Upon citing at length from Bank of Italy Nat. Trust and Savings Assn. v. Bentley, 217 Cal. 644, 20 P.2d 940, at 944 (1933), the court held:

“Therefore, we hold that, even though title passes for the purpose of the trust, a deed of trust is for practical purposes only a mortgage with power of sale.’’ [Emphasis added.]

Supra, 671 P.2d at 1050-51.

Though certainly not clear of doubt, I conclude that under Idaho law a trust deed defective in the manner presented here would be treated as a mortgage, the creditor losing only the right to nonjudicial foreclosure and the shorter 120 day period of cure as opposed to one year post-foreclosure period of redemption. Because I conclude the trust deed in question would be recognized as a mortgage by Idaho law, its recor-dation is constructive notice of the beneficiary’s lien, which would protect its rights as against subsequent purchasers or encum-brancers.
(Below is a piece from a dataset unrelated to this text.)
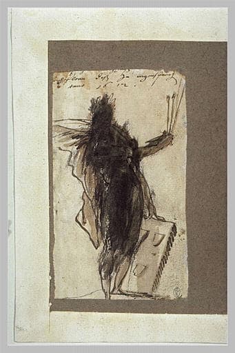 Une figure debout, tenant un objet à chaque main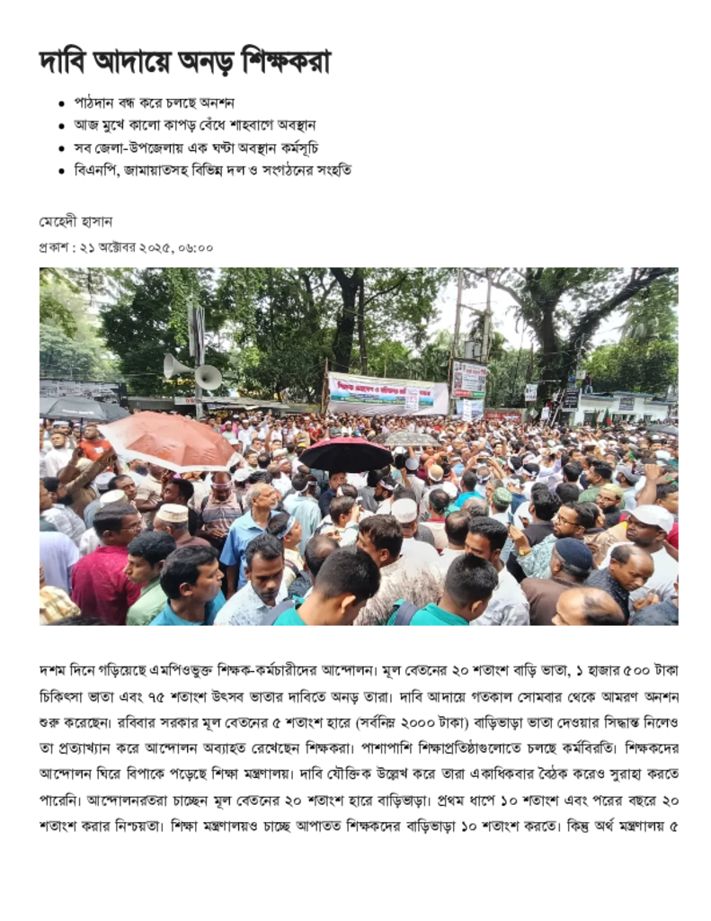 দাবি আদায়ে অনড় শিক্ষকরা.pdf Published on 21 October 2025 Newspaper দৈনিক ইত্তেফাক Category Others Download

Plaintiffs motion for summary judgment will be and is hereby denied, and defendants’ motion for summary judgment granted. Counsel for defendants may prepare judgment accordingly.

IT IS SO ORDERED.

. I.C. 45-1502(5) provides:

“ ‘Real property’ means any right, title, interest and claim in and to real property owned by the grantor at the date of execution of the deed of trust or acquired thereafter by said grantor or his successors in interest. Provided, nevertheless, real property as so defined which may be transferred in trust under this act shall be limited to either (a) any real property located within an incorporated city or village at the time of the transfer, or (b) any real property not exceeding twenty (20) acres, regardless of its location, and in either event where the trust deed states that the real property involved is within either of the above provisions, such statement shall be binding upon all parties and conclusive as to compliance with the provisions of this act relative to the power to make such transfer and trust and power of sale conferred in this act.”